Огненный шар Эсса Геннадий
Жан взглянул на Зимний дворец и с сожалением сказал:
— В Зимний мы уже не попадем. Если только лет так через девяносто в Эрмитаж судьба закинет.
Егор обнял ребят и прошептал:
— Я хочу с ва-ми.
— С на-ми тебе нельзя, — так же протяжно ответил Жан.
— По-че-му?
— По-то-му, что мы избранные рыжей бестией моей девчонки, — пояснил Жан.
— Да, а где они? — спохватился Егор.
— У тебя самого-то есть? — спросил Ник. — У Жана и у меня есть. Ты их уже видел.
— Я так и понял. А у меня нет.
— Хочешь, найду, — предложил Жан.
— Прямо здесь?
— По дороге домой.
— Пока не надо.
— Как хочешь, а то у меня это неплохо получается. Будет какая-нибудь революционерка в красном платке, не соскучишься.

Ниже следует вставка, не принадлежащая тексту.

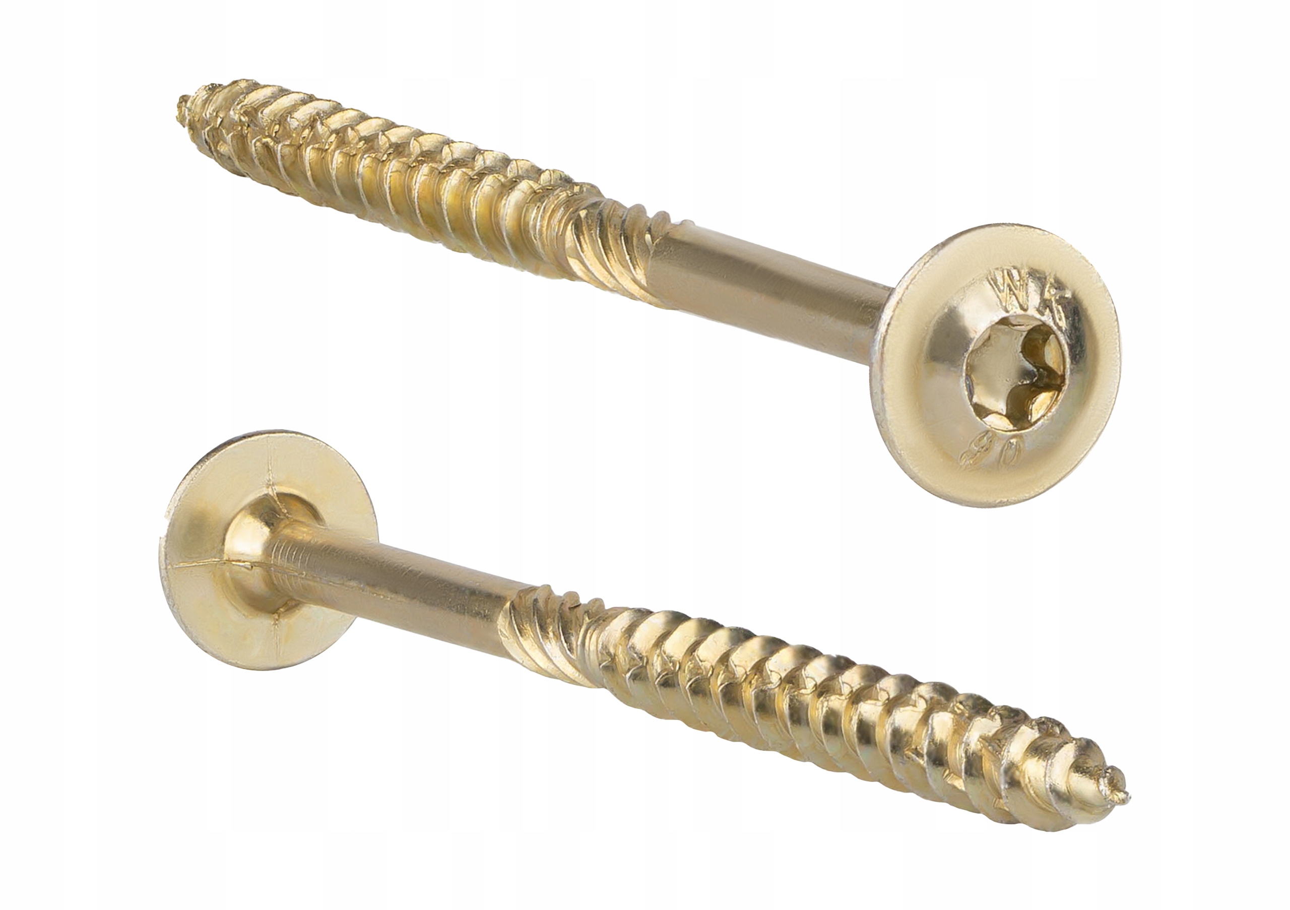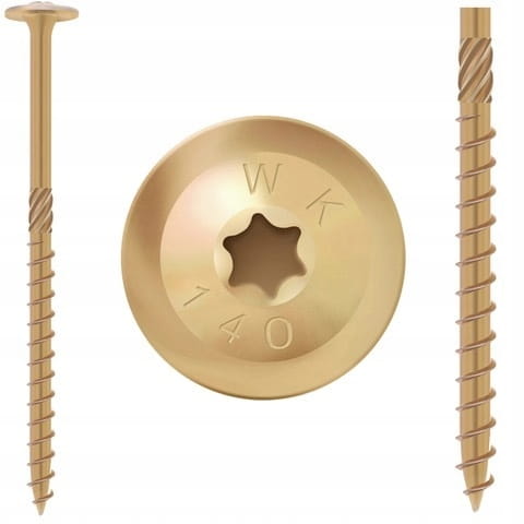 Wkręty konstrukcyjne wykonane ze stali ocynkowanej posiadają łeb podkładkowy z gniazdem typu TX oraz specjalną końcówkę wiercącą przeznaczoną do połączeń w konstrukcjach drewnianych.
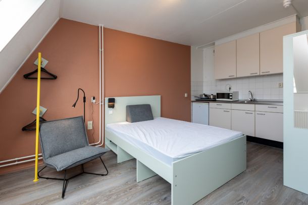 In 2020, the Prins Hendrikkade 189 A building has been beautifully refurbished. Furniture might show signs of usage. This room is keyless: the tenant enters the building and room with their smartphone. You'll receive a smartphone registration link one week prior to check-in. For more information, please check our app. You have an upstairs room with private kitchen. Shared bathroom with your neighbour below.
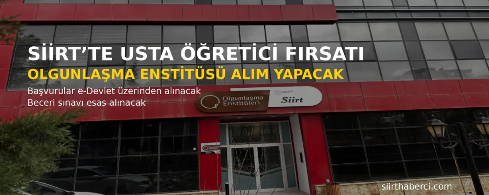 Siirt Olgunlaşma Enstitüsü, 2025–2026 Eğitim-Öğretim Yılı kapsamında yürütülecek tema ve projelerde görevlendirilmek üzere usta öğretici alımı yapacağını duyurdu. Farklı alanlarda gerçekleştirilecek alımların, uygulamalı beceri sınavı esas alınarak yapılacağı bildirildi.
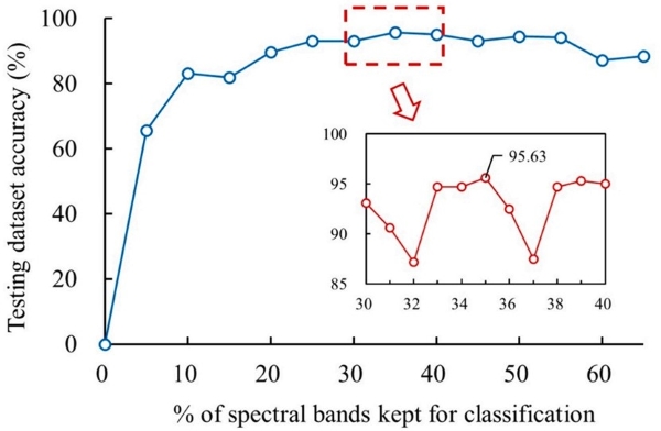 总的来说,改进的ResNet-34模型在基于起源的五种不同类型的枸杞分类中显示出较高的准确性。然而,通过3D卷积运算利用全谱HSI数据增加了计算需求和复杂性。此外,深度学习模型固有的“黑箱”特征在可解释性方面提出了挑战。为了减少信息冗余并提高模型的可解释性,我们使用SHAP来识别HSI数据中对地理起源识别贡献*大的光谱带区域。SHAP值代表了每个光谱波段对模型预测能力的贡献。对枸杞地理来源分类有重要贡献的光谱波段主要从633 nm延伸到1040 nm。随着光谱波段的增加,该模型对枸杞地理来源的识别精度逐渐提高(图4)。实际上,在保留35%的光谱波段(n = 39)的情况下,该模型的分类精度仍然保持在95.63%的高水平,与全光谱HSI数据的分类精度相当。光谱波段的减少也导致运行时间减少29.9%。该方法不仅有效地提高了处理速度,而且提高了产地识别的效率,在准确性和计算效率之间取得了平衡。

— Сам найдет, чего к человеку привязался? Тоже мне сват с баррикад.
— Вот все кончится — найду, — заверил Егор. — Ведите меня домой. Я уже не могу даже стоять.
Только под утро Жан с Ником довели Егора до дома.
— Сам дойдешь?
— А вы что, уйдете?
— Нам надо, — сказал Жан и протянул Егору руку.
— Нет, идем ко мне.
— Нас девчонки ждут.
— Нет уж, ведите теперь до конца, — Егор взглянул на протянутую руку, потом на Жана. — Идем ко мне, я вас так просто не отпущу.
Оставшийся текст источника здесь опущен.